Pathologically, intracranial GCTs are similar to GSTs in the gonads and other extragonadal areas.4 CNS GCTs are broadly divided into germinomas and nongerminomatous germ cell tumors (NGGCTs). The current World Health Organization classification of CNS GCTs, which is based primarily on histological elements, divides these tumors into the following major forms5,6 :

  • Germinoma
  • Teratoma 
  • Yolk sac tumor/endodermal sinus tumor
  • Embryonal carcinoma
  • Choriocarcinoma
Tumors consisting of more than one of the above histological types are termed mixed GCTs.1 Pure germinomas account for 65% of all CNS GCTs, germinomas with mature and/or immature teratoma account for 15%, while mixed germinomas and NGGCTs represent approximately 20% of CNS GCTs. Pure germinomas carry a better prognosis than NGGCTs.

CNS GCTs are believed to arise from nests of embryonic cells arrested during their migration in fetal development in the midline structures. Consequently, CNS GCTs are found in midline sites, specifically in the pineal gland and suprasellar regions.

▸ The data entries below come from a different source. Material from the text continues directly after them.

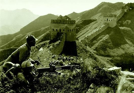 古老的万里长城,处处残破、颓圮,而一道由中华儿女用血肉筑成的团结的长城、自强的长城,在群山间屹立,在大地上横亘。
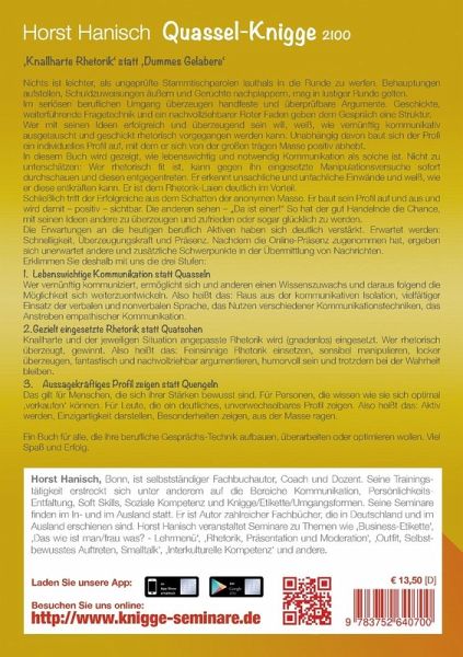 'Knallharte Rhetorik' statt 'Dummes Gelabere'Nichts ist leichter, als ungeprüfte Stammtischparolen lauthals in die Runde zu werfen. Behauptungen aufstellen, Schuldzuweisungen äußern und Gerüchte nachplappern, mag in lustiger Runde gelten. Im seriösen beruflichen Umgang überzeugen handfeste und überprüfbare Argumente. Geschickte, weiterführende Fragetechnik und ein nachvollziehbarer Roter Faden geben dem Gespräch eine Struktur.Wer mit seinen Ideen erfolgreich und überzeugend sein will, weiß, wie vernünftig kommunikativ ausgetauscht und geschickt rhetorisch vorgegangen werden kann. Unabhängig davon baut sich der Profi ein individuelles Profil auf, mit dem er sich von der großen trägen Masse positiv abhebt.In diesem Buch wird gezeigt, wie lebenswichtig und notwendig Kommunikation als solche ist. Nicht zu unterschätzen: Wer rhetorisch fit ist, kann gegen ihn eingesetzte Manipulationsversuche sofort durchschauen und diesen entgegentreten. Er erkennt unsachliche und unfachliche Einwände und weiß, wie er diese entkräften kann. Er ist dem Rhetorik-Laien deutlich im Vorteil.Schließlich tritt der Erfolgreiche aus dem Schatten der anonymen Masse. Er baut sein Profil auf und aus und wird damit - positiv - sichtbar. Die anderen sehen - "Da ist einer!" So hat der gut Handelnde die Chance, mit seinen Ideen andere zu überzeugen und zufrieden oder sogar glücklich zu werden.Die Erwartungen an die heutigen beruflich Aktiven haben sich deutlich verstärkt. Erwartet werden: Schnelligkeit, Überzeugungskraft und Präsenz. Nachdem die Online-Präsenz zugenommen hat, ergeben sich unerwartet andere und zusätzliche Schwerpunkte in der Übermittlung von Nachrichten.Erklimmen Sie deshalb mit uns die drei Stufen:1.Lebenswichtige Kommunikation statt Quasseln2.Gezielt eingesetzte Rhetorik statt Quatschen3.Aussagekräftiges Profil zeigen statt QuengelnEin Buch für alle, die ihre berufliche Gesprächs-Technik aufbauen, überarbeiten oder optimieren wollen. Viel Spaß und Erfolg.
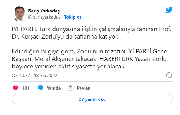 CHP'li eski milletvekili Barış Yarkadaş, Habertürk yazarı Prof. Dr. Kürşad Zorlu’nun İYİ Parti'ye katılacağını duyurdu.
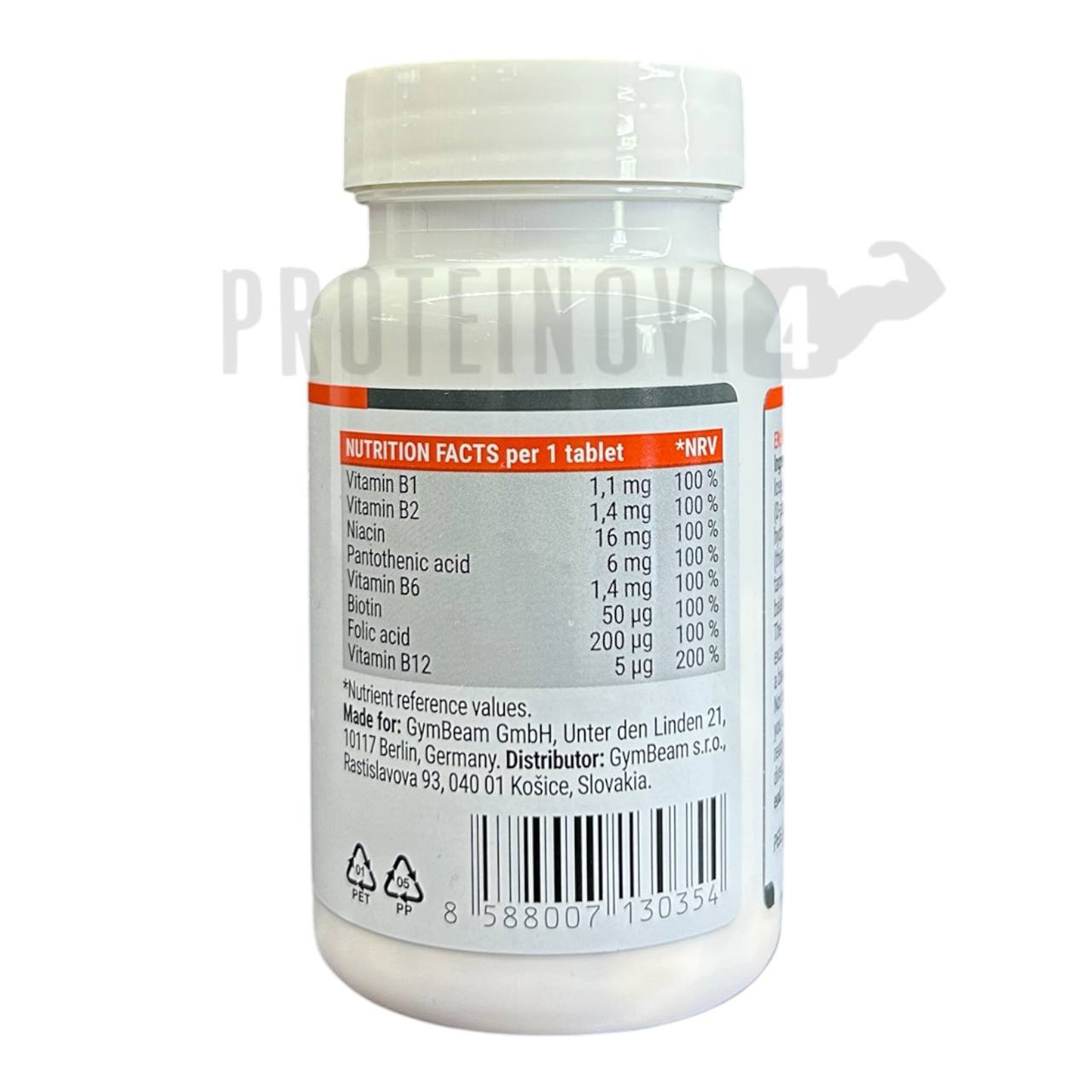 Інгредієнти: Наповнювач (сорбітол), вітамін В3 (нікотинамід), вітамін В5 (кальція D-пантотенат), вітамін В6 (піриодиноїгідрохлорид), вітамін B1 (мононітрат тіаміну), вітамін B2 (рибофлавін), вітамін B1 (тіаміну гідрохлорид), вітамін B9 (птероілмоноглутамінова кислота), вітамін B7 (D-біотин), вітамін B12 (цианокобаламін), вітамін B12 (метилкобаламін), засіб проти злипання (стеарат магнію).
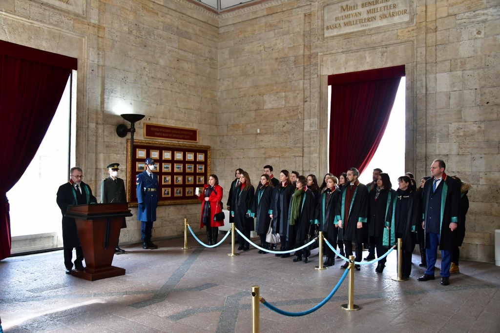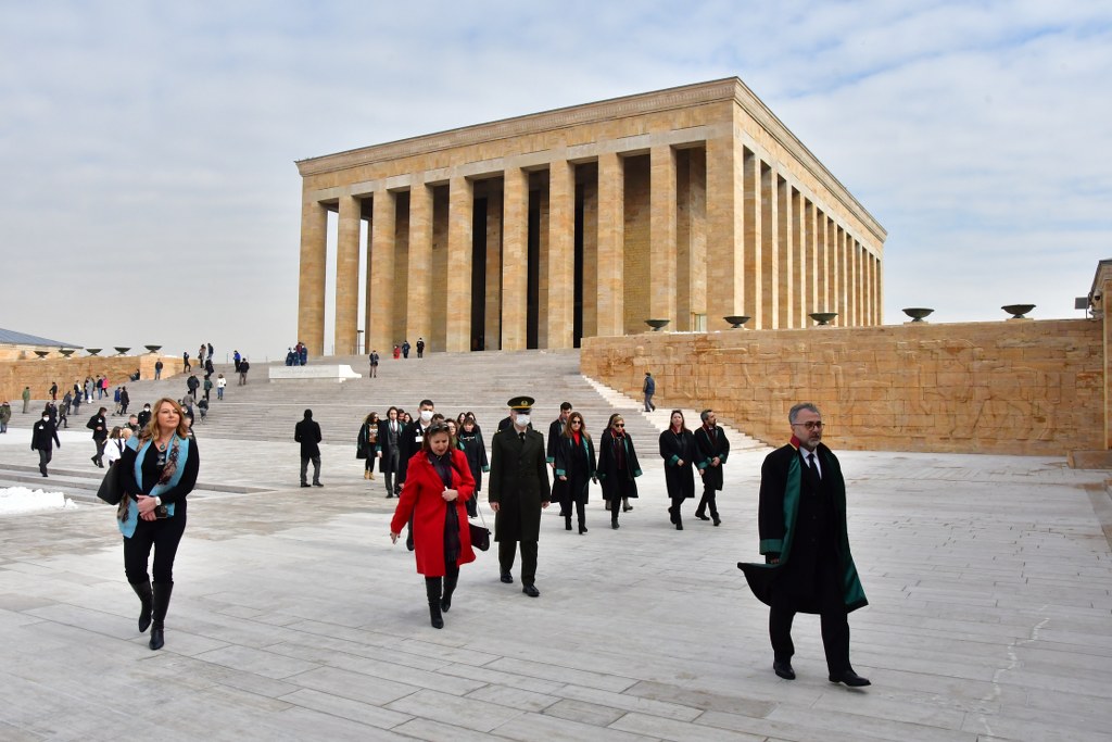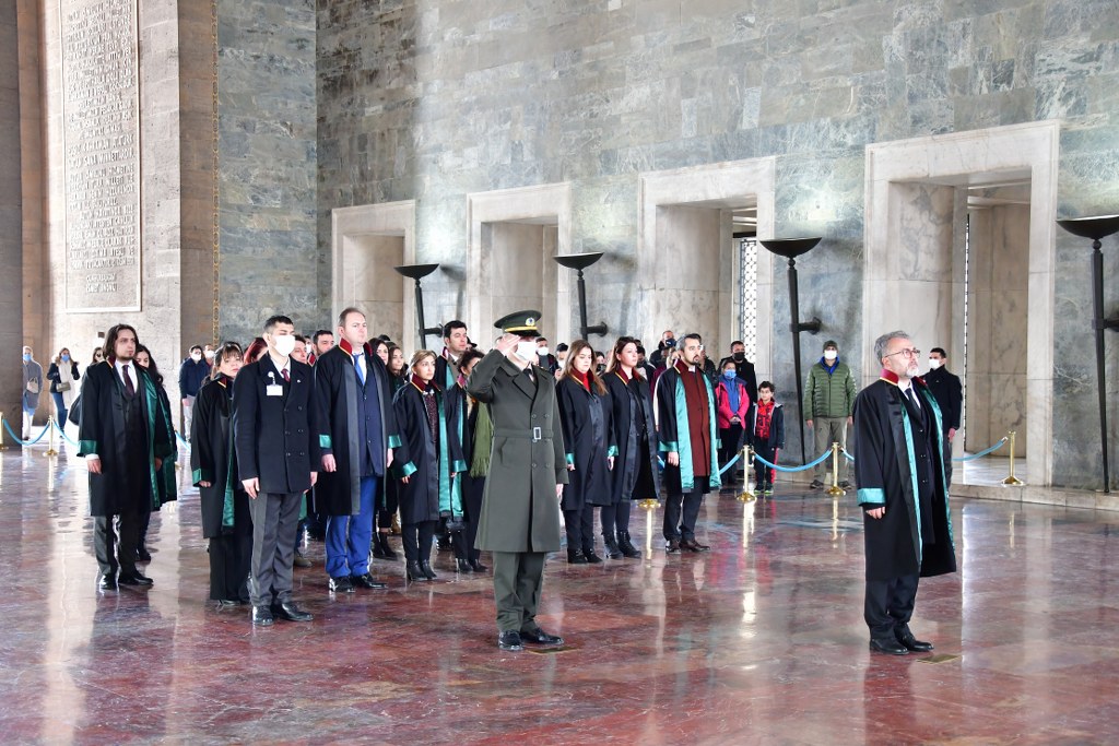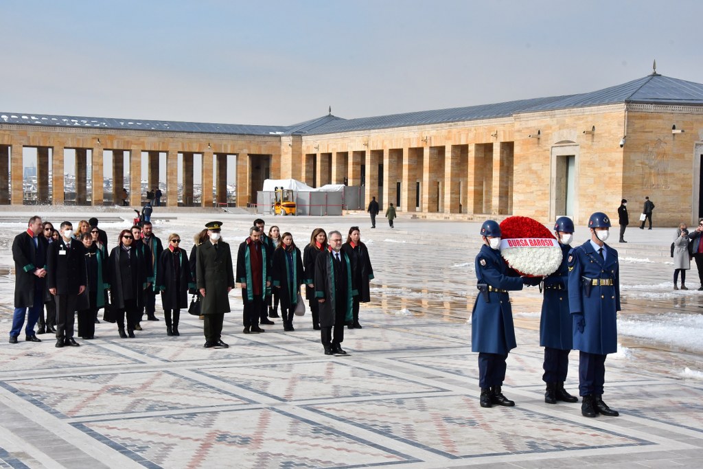 Bursa Barosu heyeti, Ankara ziyaretinin ikinci gününde Anıtkabir'de ölümsüz lider Mustafa Kemal Atatürk'ün huzurundaydı. Bursa Barosu Başkanı Av. Metin Öztosun başkanlığındaki kurul üyeleri, cübbeleriyle Aslanlı Yol'da yürüdü. Öztosun, askeri törenle Atatürk'ün mozolesine çelenk sundu. Heyet, bir dakikalık saygı duruşunun ardından Misak-ı Milli Kulesi'ne geçti. Bursa Barosu Başkanı Av. Metin Öztosun, şeref defterine şunları yazdı:
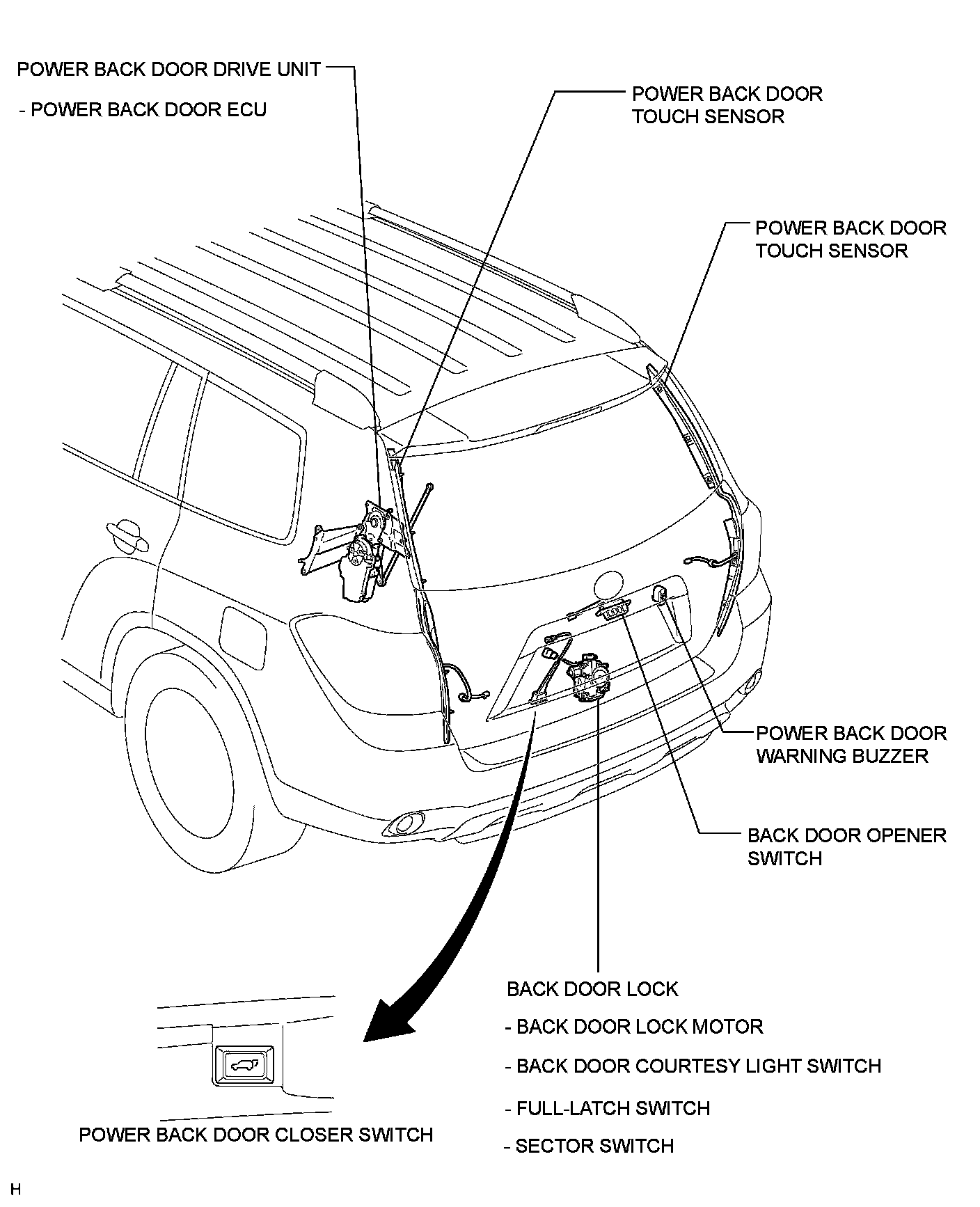 ENGINE HOOD / DOOR: POWER BACK DOOR SYSTEM: PARTS LOCATION
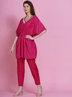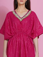 Women Republic Pink Lurex Cotton Kaftan Style Kurta With Pants
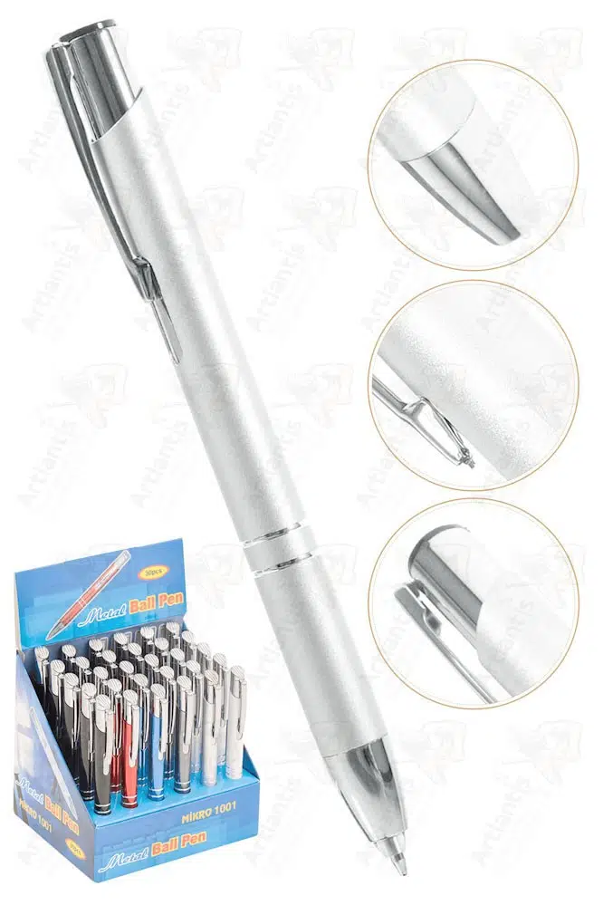 Ürün Adı: Gri Kısa Boylu Metal Tükenmez Kalem 1 Adet Yedek Uçlu Mavi Renkli Cep Kalemi Tükenmez Basmalı Mikro 1001 Mekanizmalı
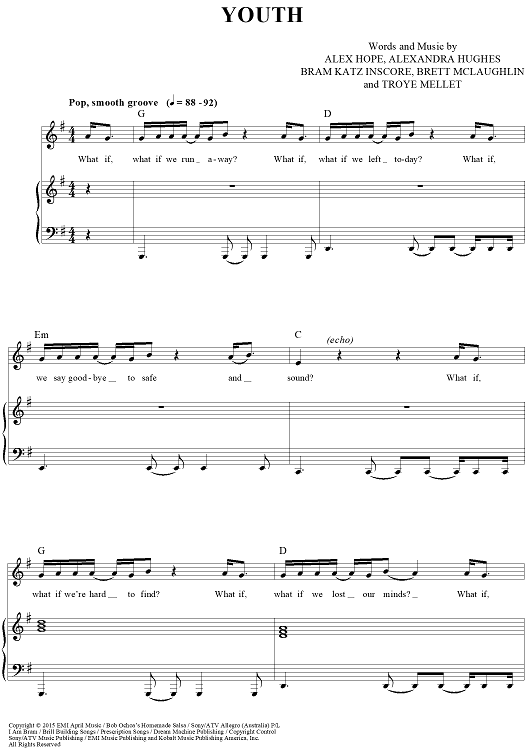 Digital Sheet Music for Youth by Troye Sivan, Alex Hope, Alexandra Hughes, Bram Inscore, Brett McLaughlin, Troy Mellet scored for Piano/Vocal/Chords; id:457602
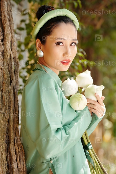 Красивая женщина с цветами лотоса
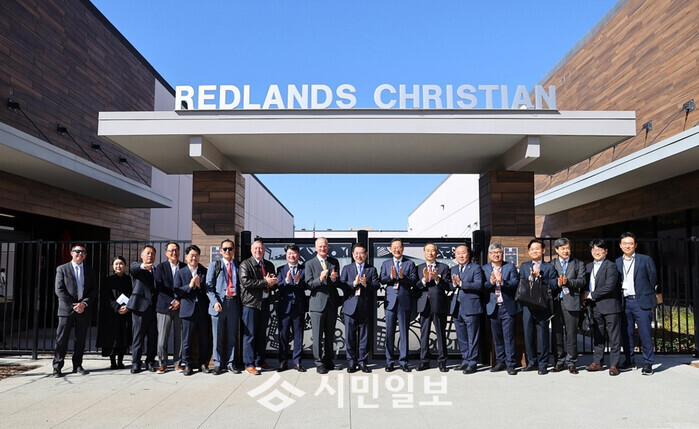 | ▲ 명현관 해남군수(오른 쪽부터 8번 째), 지난.미국 캘리포니아 소재 국제학교 레드랜드 크리스천 스쿨(RCS)에서 유치 업무협약 후 김영록 전남도지()사(7번 째), 관계자 등과 기념촬영 / 해남군 제공 |
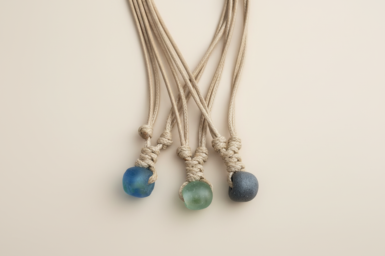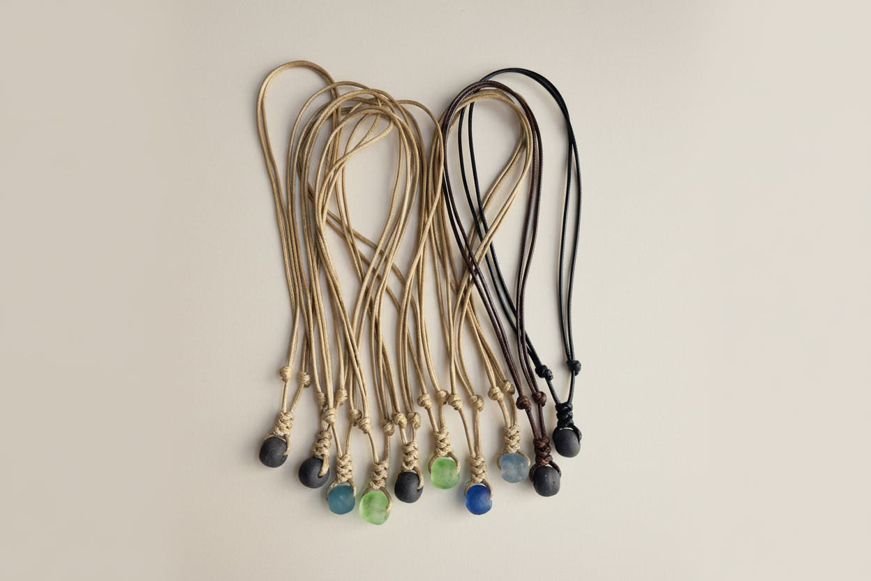 Surfer Sea Glass Necklace Adjustable Waterproof Unisex
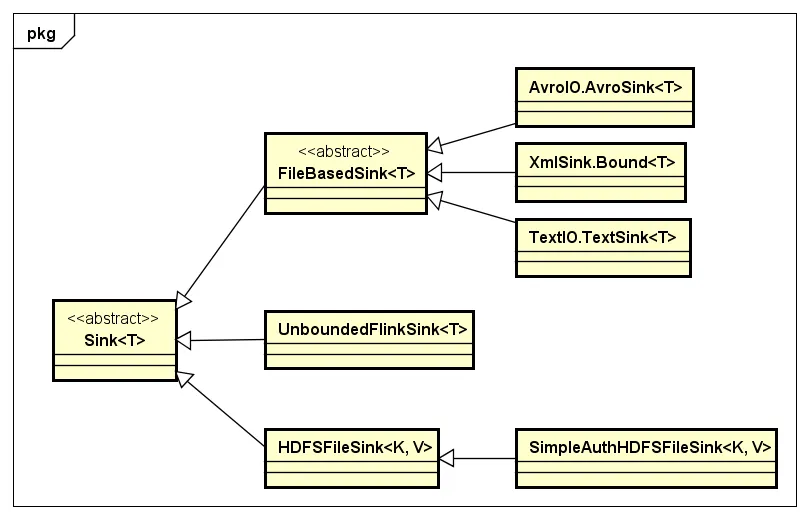 Sink表示任何经过Pipeline中一个或多个PTransform处理过的PCollection,最终会输出到特定的存储中。与Source对应,其实Sink主要也是具有两种类型:一种是直接写入特定存储的Bounded类型,如文件系统;另一种是写入具有Unbounded特性的存储或系统中,如Flink。在API设计上,Sink的类图如下所示:

Clinical presentation is mainly related to the location and size of the tumor and the patient`s age. Endocrine abnormalities, headache, vomiting, and visual changes are among the most common symptoms. Many patients with unrecognized CNS GCTs may have had a long history of symptoms such as movement disorders, enuresis, anorexia, and psychiatric complaints. Diagnosis in such cases has been delayed from 7 months to 3 years.7     

Total surgical resection of CNS GCTs has been hampered by the deep-seated location of these tumors. Therefore, craniospinal irradiation was historically the standard adjuvant therapy. Advances in diagnostic imaging, surgical and anesthetic techniques, and radiation therapy and the addition of chemotherapy have improved the outcome in patients with these tumors.8

Pathophysiology

The cell of origin of CNS GCTs remains controversial. The germ cell theory postulates that these tumors arise from primordial germ cells that have migrated aberrantly during embryonic development and subsequently undergone malignant transformation. In contrast, the embryonic cell theory suggests that GCTs arise from a mismigrational pluripotent embryonic cell. It has also been postulated that pure germinomas arise from germ cells while mixed NGGCTs are a result of misfolding and misplacement of embryonic cells into the lateral mesoderm, causing these cells to become entrapped in different areas of the brain. Current evidence suggests that GCTs arise from germinal elements at various stages of development.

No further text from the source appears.